The seafood at Benny’s Chophouse has also been justly praised, with oysters and prawns, scallops and seafood towers, a big selection from the raw bar and some prepared items like oysters Rockefeller and shrimp DeJonghe.
Winner of a Wine Spectator Restaurant Award, Benny’s Chop House has a very strong selection of wines. The World of Fine Wine also recognized Benny’s Chop House with a place on its list of the World’s Best Wine Lists (only 224 restaurants in the entire world received this award).
The wine list at Benny’s Chop House is truly massive, with a full page devoted to wine by the glass (with prices as low as $12 for a pinot grigio from Veneto, all the way up to a $35 glass of George pinot noir from the Russian River Valley, and a lot in-between). Of special interest is a category of “eclectic reds” which includes a Syrah from Lebanon, a Cabernet from Nemea in Greece, and a Cabernet-Pinot Noir blend from Slovenia.

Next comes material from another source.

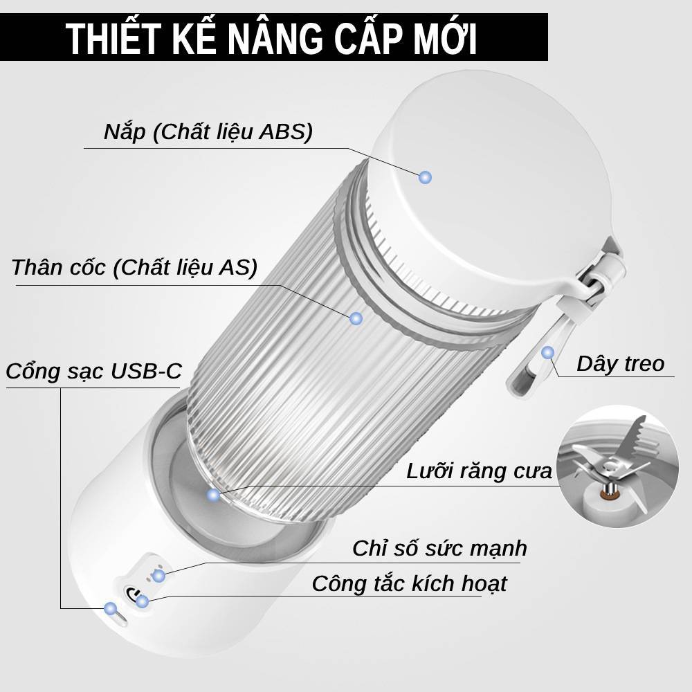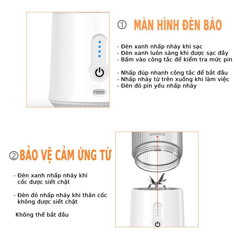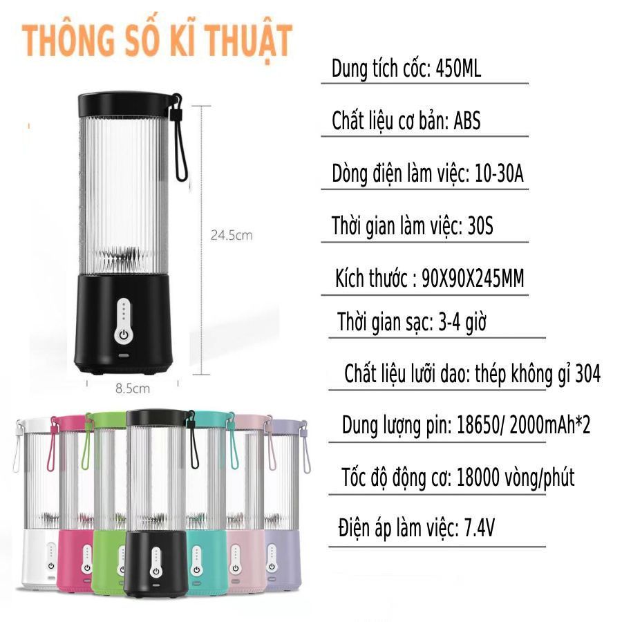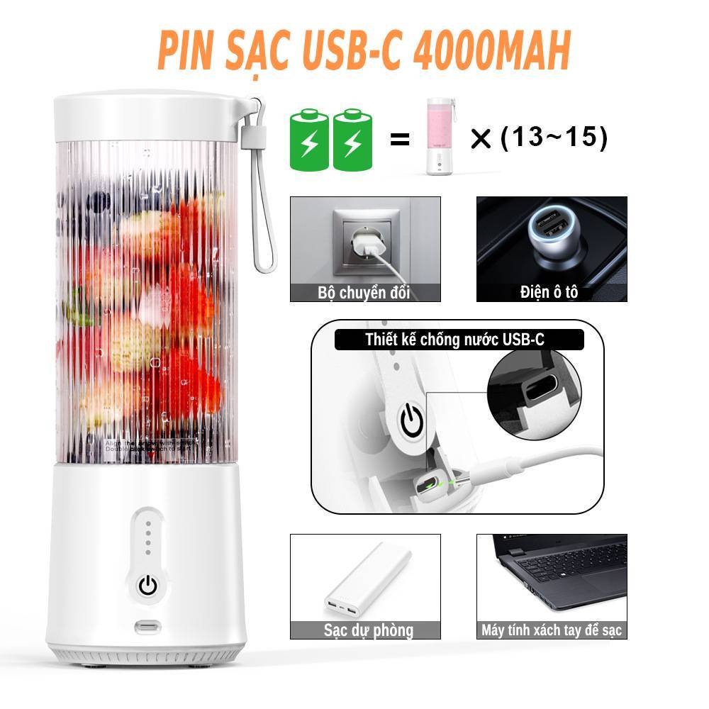 Máy xay sinh tố cầm tay sạc pin tiện lợi 3 trong 1 máy xay mini đa năng trái cây

All the wine at Benny’s Chop House is cellared at 55 degrees Fahrenheit, but it can be chilled upon request.
Steak always seems to be a celebration, and closing the meal with a cake seems right: there’s chocolate layer cake and carrot cake, of course. After all the outstanding meat, seafood and wine, however, you may very well be most in the mood for something lighter, and we’d recommend the wild passion fruit or berry sorbets. Both of these chilled desserts provide just a little bit of sweetness, and close to zero richness, to end a meal that admittedly tends toward the luxuriously, wonderfully rich.